February 22nd, 2007, 17:03

I have a Seagate ST3160021A 160GB drive with lots of errors.

I tried ddrescue but there were far too many bad sectors, so I brought in the big guns with MHDD. I get fairly regular long patches of IDNF errors(86*255 sector blocks = 21930 sectors each) with 60,000-100,000 good sectors (or so) in between each.

Does this sound like anything in particular to those of you with more experience? Lost a head maybe? I have two questions really:

1. Am I likely to be able to recover the data that's on the disk, even if it needs to go to changing the head stack (I can get access to a clean room if needed, and I'm happy working on surface mount electronics)?
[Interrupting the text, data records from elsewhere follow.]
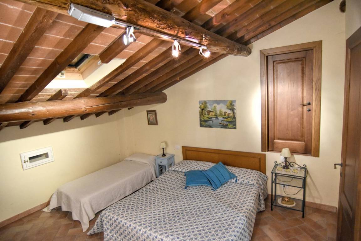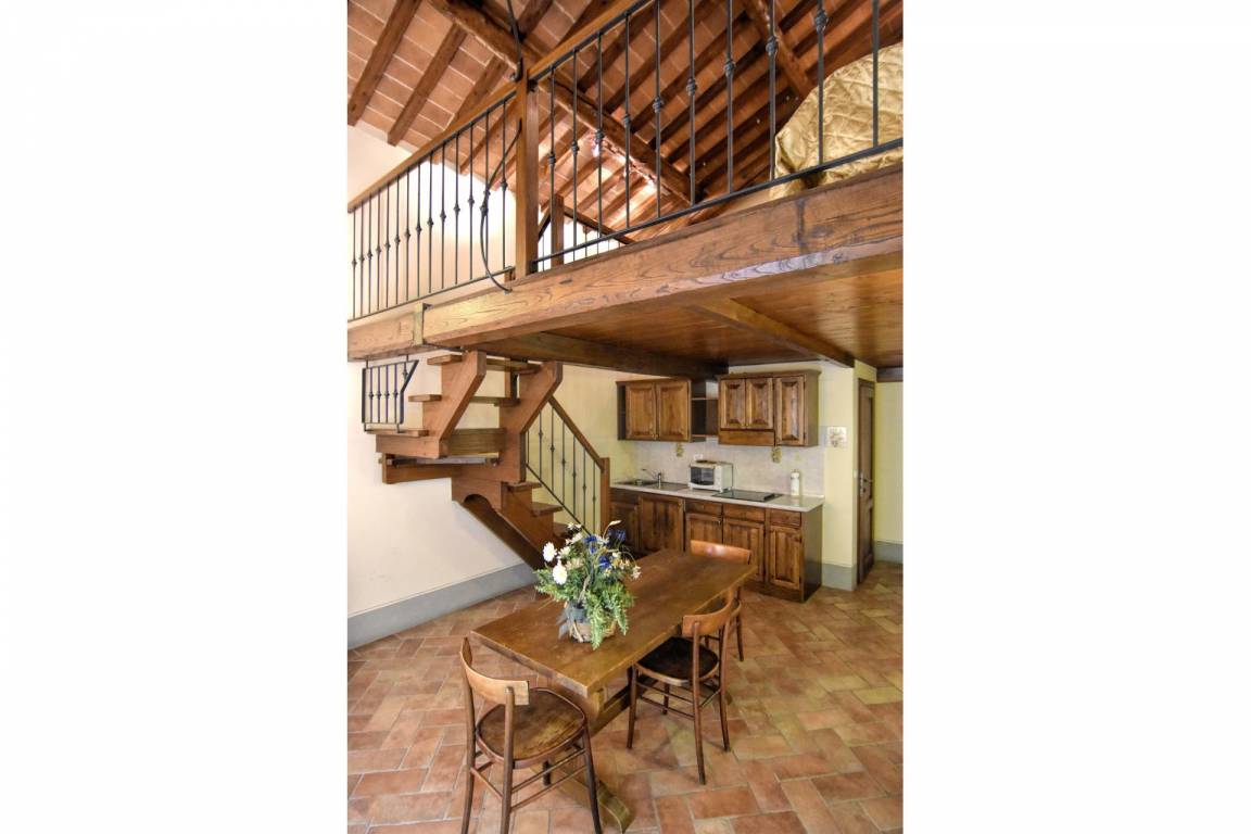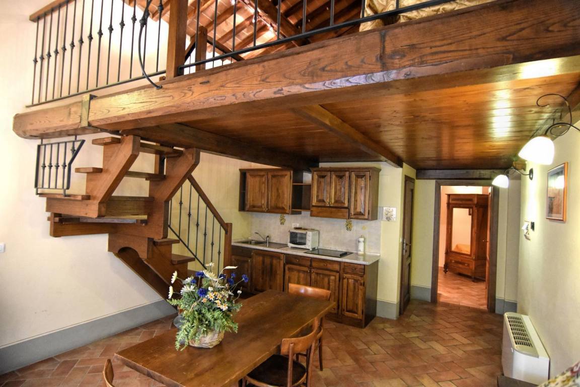 ZWEITER STOCK: mit Zugang über interne Treppe, Wohnzimmer mit Kochnische, Doppelzimmer mit eigenem Bad mit Dusche, Schlafzimmer mit zwei Einzelbetten mit eigenem Bad mit Badewanne. Wohnzimmer mit Kochnische und Doppelzimmer mit eigenem Bad mit Dusche. Vom Wohnzimmer, über eine bequeme Holztreppe, gelangen Sie in das Zwischengeschoss mit Doppelschlafcouch, WC und Doppelzimmer mit eigenem Bad mit Dusche.
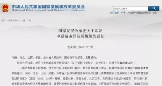 2017年1月5日,國(guó)家發(fā)改委印發(fā)通知,明確了中原城市群發(fā)展規(guī)劃的重大工程項(xiàng)目。項(xiàng)目以“鐵公基”為主,在未來5年內(nèi)逐漸開工。隨著這些基建工程的鋪開,沿線城市群的城區(qū)改造、商品房建設(shè)工程,自然是水漲船高的。
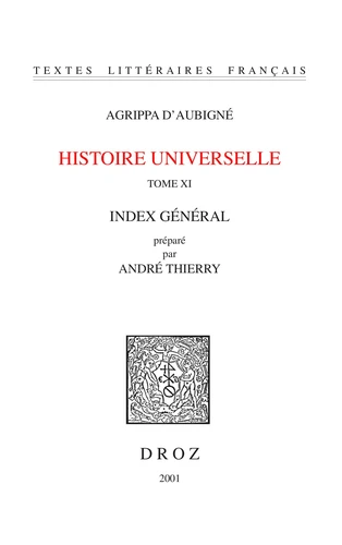 Le lecteur trouvera ici la totalité des patronymes, français et étrangers, cités par l'historien. Ils sont particulièrement nombreux : les membres de l'aristocratie royale et guerrière naturellement, persuadés d'être les moteurs de l'Histoire, les puissances spirituelles ennemies des Réformateurs, papes, jésuites, mais aussi, et c'est un des intérêts majeurs de l'ouvrage, des noms de roturiers ou de bourgeois qui ne figurent nulle part ailleurs, huguenots ou catholiques : Aubigné ne s'intéresse pas qu'à son camp., Cet index comporte aussi, en italique, un certain nombre de thèmes qu'Agrippa d'Aubigné n'a pas traités pour eux-mêmes, mais qu'il aborde dans son récit et qui reviennent assez souvent pour qu'on puisse dire qu'il leur accorderait beaucoup d'intérêt.
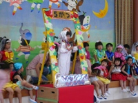 そして、お昼からは、5月生まれの子の誕生会がありました。自分で選んだ衣装を着て、好きな食べ物、将来の夢、おうちの方へのメッセージを元気に発表していましたよ。さらに、今回の衣装には、可愛らしいうさぎの着ぐるみ(今年初登場です(^O^))を着ている子が!
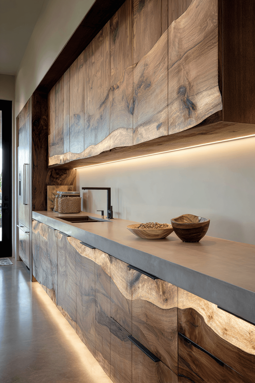 Cabinets designed with organic wood edges add a handcrafted feel to rustic kitchen cabinets. The natural contours create a raw and artistic appearance. This design highlights the beauty of the wood in its most natural form. It pairs effortlessly with clean, simple interiors for balance. These rustic kitchen cabinets feel like functional works of art. Explore more natural-edge designs for your kitchen.
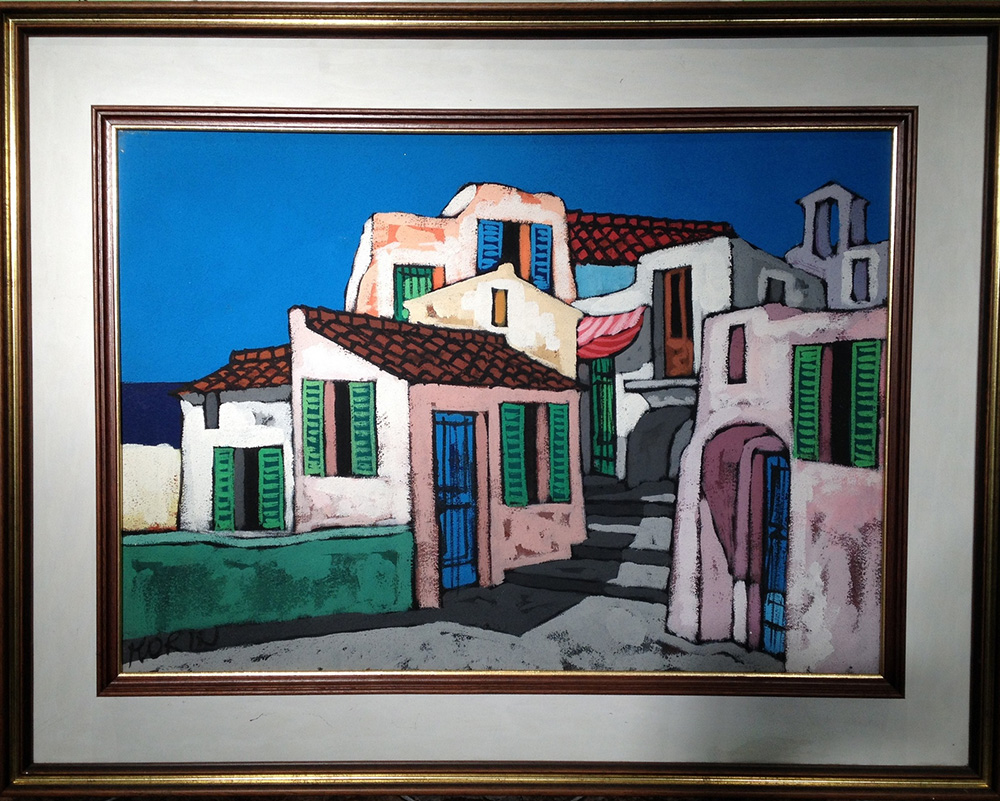 Morin "Villaggio" - Tecnica mista su tela - cm 53x73 - Firma in basso a sx

2. Is reinitialising the disk likely to make it useful again or should I just chuck it?

Thanks in advance, it's been really interesting browsing the forums.

February 22nd, 2007, 21:19

Hello,

If the pattern is regular U probably have a defective head.
A clean room is a good idea for changing heads inside, but it is more important to have proper tooling and proper experience and of course head assembly.
BTW some accurate diagnostics should be performed through terminal port.

pepe

February 25th, 2007, 9:48

Thanks Pepe, that's what I thought. It looks as though about 1/4 of all sectors are IDNF, and I see this drive has four heads - which would fit!
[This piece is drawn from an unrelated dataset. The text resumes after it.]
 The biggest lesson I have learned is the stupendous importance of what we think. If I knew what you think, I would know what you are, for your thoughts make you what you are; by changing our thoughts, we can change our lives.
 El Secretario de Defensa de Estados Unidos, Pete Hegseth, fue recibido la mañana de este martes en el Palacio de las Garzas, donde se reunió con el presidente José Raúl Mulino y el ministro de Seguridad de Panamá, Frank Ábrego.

I have looked at making the MAX232 cable - as far as I can tell all it does is buffer the PC serial port, or is there some level conversion going on? Is the Seagate diagnostic port running at +/-12V or TTL levels? I guess I just need to put a scope on it...
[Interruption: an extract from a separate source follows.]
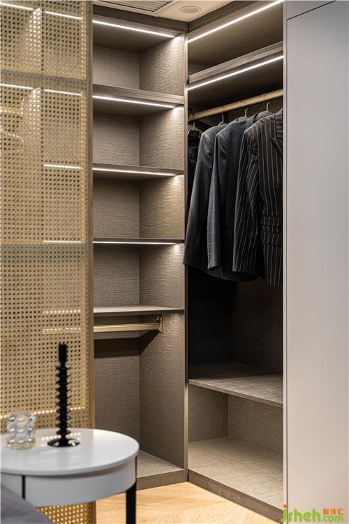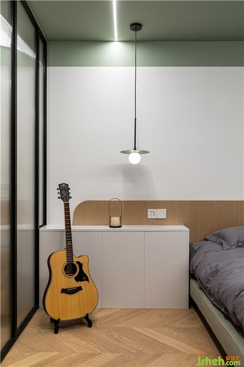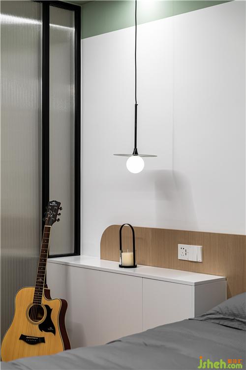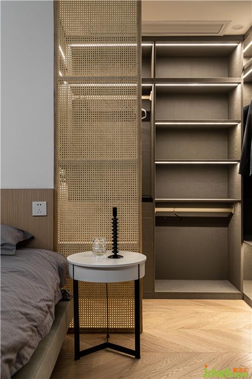 极简圆形床头边几和沉稳简约的藤编隔断组合,产生了材质、色彩与线条的对比,最平常的局部小景因室内设计师混搭手法而变得有质感.

Alternatively, what is the best program for reading what can still be read from the disk with so many 'bad sectors' on it? I've tried using ATOF in MHDD but it seems to be slower than it could be (because I don't think it uses the 'verify' step first like it does when just scanning, so it retries a lot on each dead sector). Can I cut the retry time in MHDD, or is there something else that will allow me to tell it to timeout very quickly on each bad sector?

When booted to DOS to use MHDD, I need to mount an NTFS disk to have space to store the image files - I'm using NTFS4DOS 1.4 at the moment, is there a better option?

Sorry to ask so many questions...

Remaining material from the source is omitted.